College degrees are better signals for conscientiousness than intelligence,

I doubt this is true. I've seen research that claims that on average, college students spend less than an hour a day studying. I've attended 3 universities in my life (undergrad to grad school), and skipping classes frequently, dressing like a slob in class, and skipping the required reading seem typical. If I cared mostly about conscientiousness, I would be more impressed by someone holding down a job at McDonald's for 4 years than graduating college, because a McDonald's manager has no problem with firing someone who skips work frequently. Most college professors don't even take attendance.

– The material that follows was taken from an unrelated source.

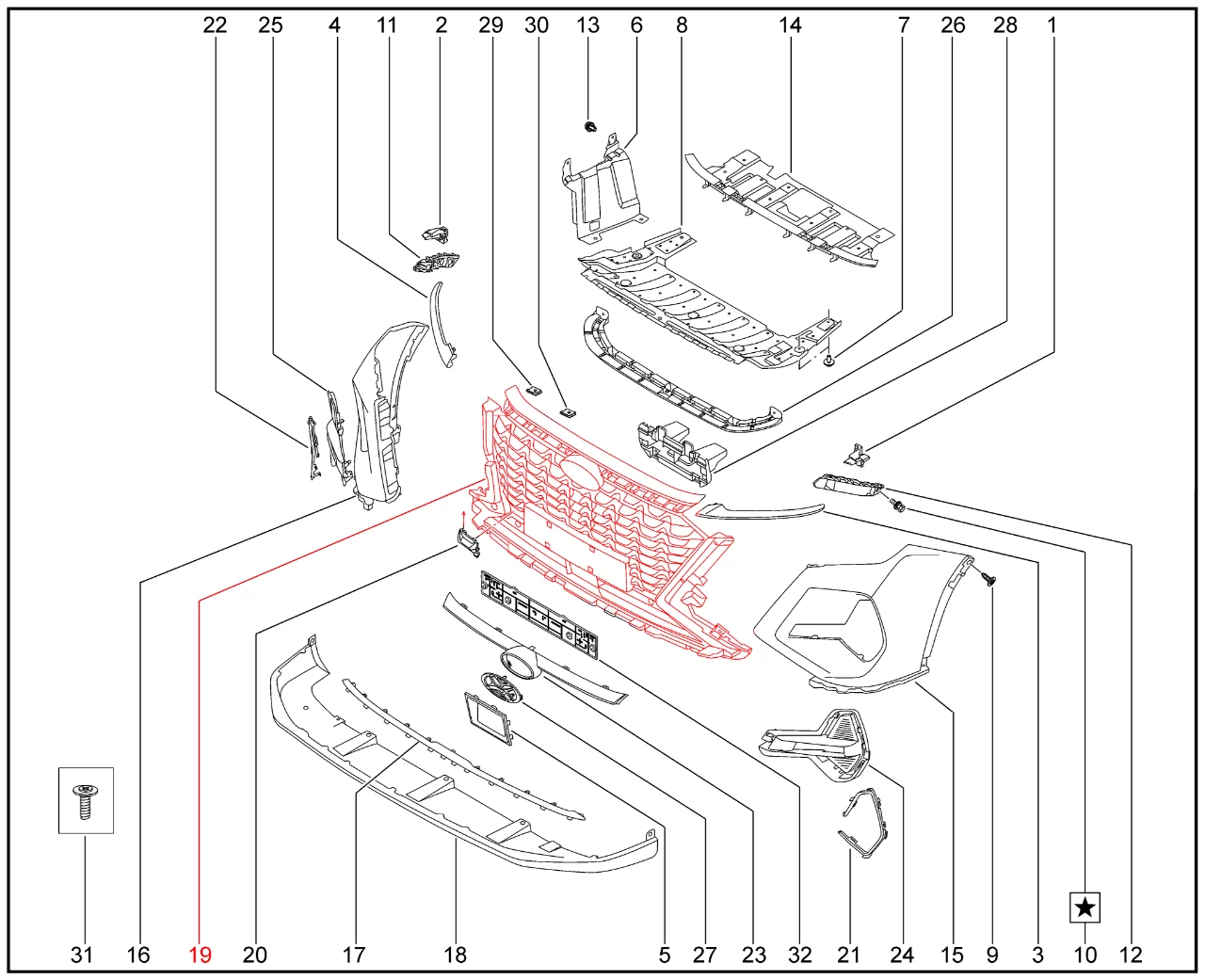 Штатная оригинальная решетка радиатора для XCITE X-Cross 8, Chery Tiggo 8 Pro.
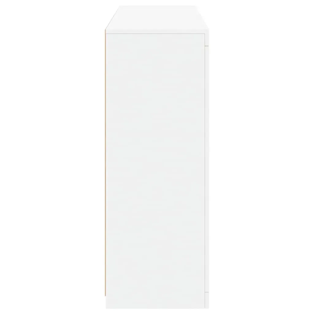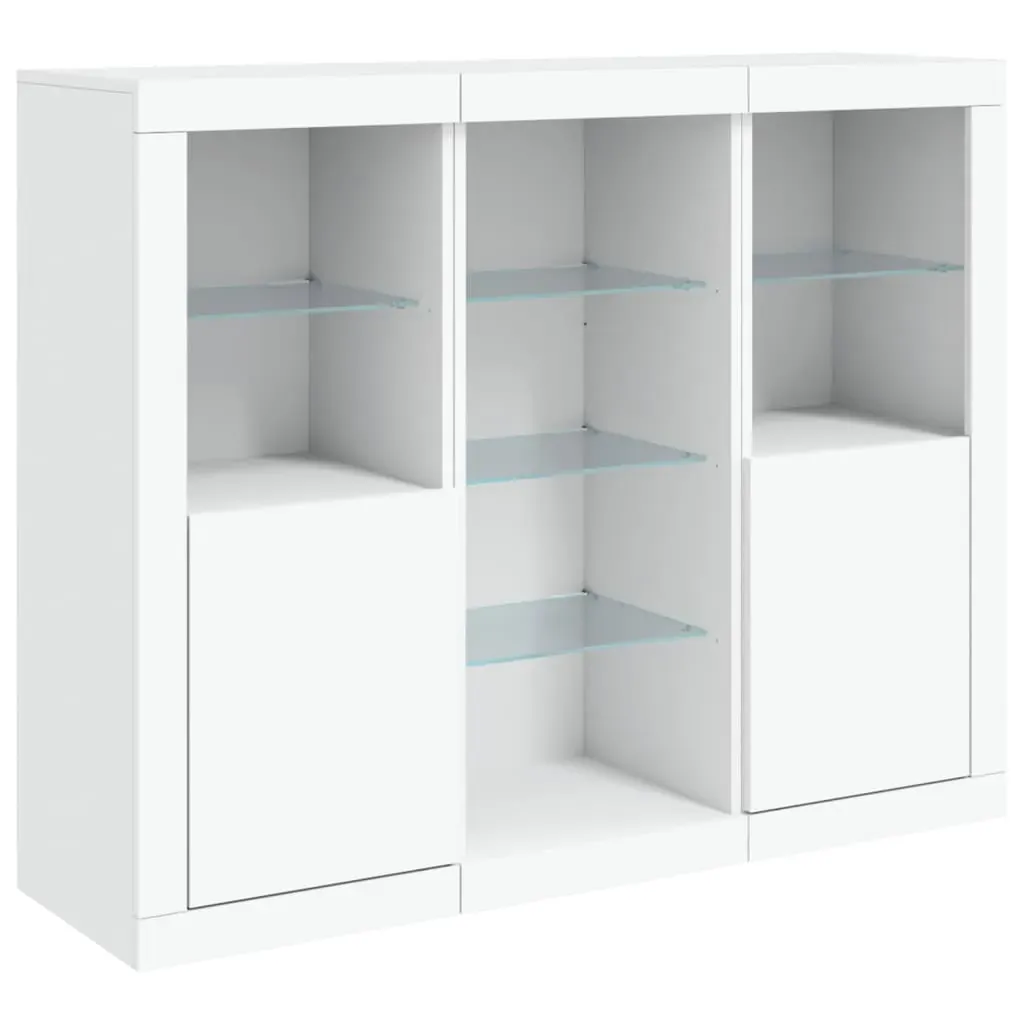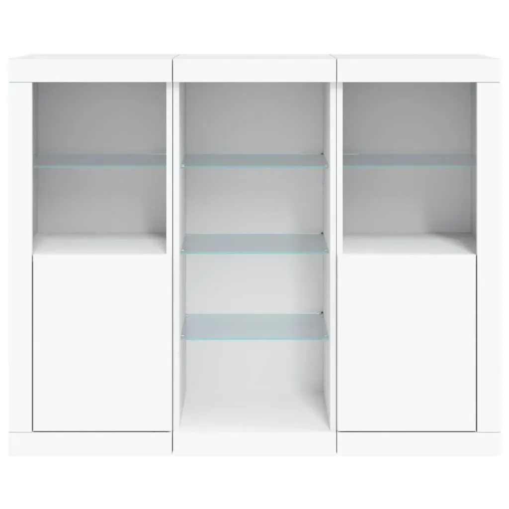 Decorate your room with these modern sideboards with LED lights, they easily blend with furniture in any style at your house. Durable material: The engineered wood is of exceptional quality with a smooth surface and features strength, stability and resistance to moisture.Ample storage space: These buffets provide plenty of storage space for keeping your magazines, books, remote controls and other small items well-organised and within easy reach.Displaying function: The sturdy top of sideboard cabinets is ideal for displaying decorative objects, photo frames, or potted plants.Adjustable LED lights: These storage cabinets are equipped with RGB LED lights, which have different menus to change the light colour and adjust it automatically, decorating your home colourful and beautiful. Warning:To prevent it being overturned, this product must be used with the provided wall attachment device.Good to know:The product has a USB connector that requires a certified 5V USB power source (not included).

Yet long-term McDonald's employees get very little career boost from this in applying for jobs at Goldman Sachs or whatever. A kid who manages an Art History degree at Harvard while mostly partying and doing the minimal work to pass has a vastly better chance than the a long-term McDonald's employee with a sterling letter of recommendation from his boss.

which is no coincidence, since employers in real life care more about conscientiousness.

This is vastly over-simplified. I did an internship at a firm that designs employee-selection systems for businesses, and this varies widely. A company like Walmart or McDonald's doesn't care much about intelligence, they want reliable, polite workers who won't steal from them. On the other hand, intelligence receives a huge premium for high-level white collar work. For these kinds of jobs, beyond some reasonable level of conscientiousness, they no longer care, and more conscientiousness demands no premium.

Comment author: Grognor 11 July 2012 01:05:53PM 0 points [-]

If employers cared more about intelligence than conscientiousness, you'd think a college admission would suffice for employment. (Heck, I don't know, maybe it does with certain colleges.)

But as wedrifid points out, this would require the system to be sane, which is not that likely.

This is vastly over-simplified.

Of course it is. It is a single sentence, not a detailed map of the desired hiring conditions for every job in the world.

Comment author: TheOtherDave 11 July 2012 02:20:33PM 3 points [-]

Downvoted for uncharitable reading. knb offered an alternative one-sentence oversimplification: "reliable, polite workers who won't steal from them".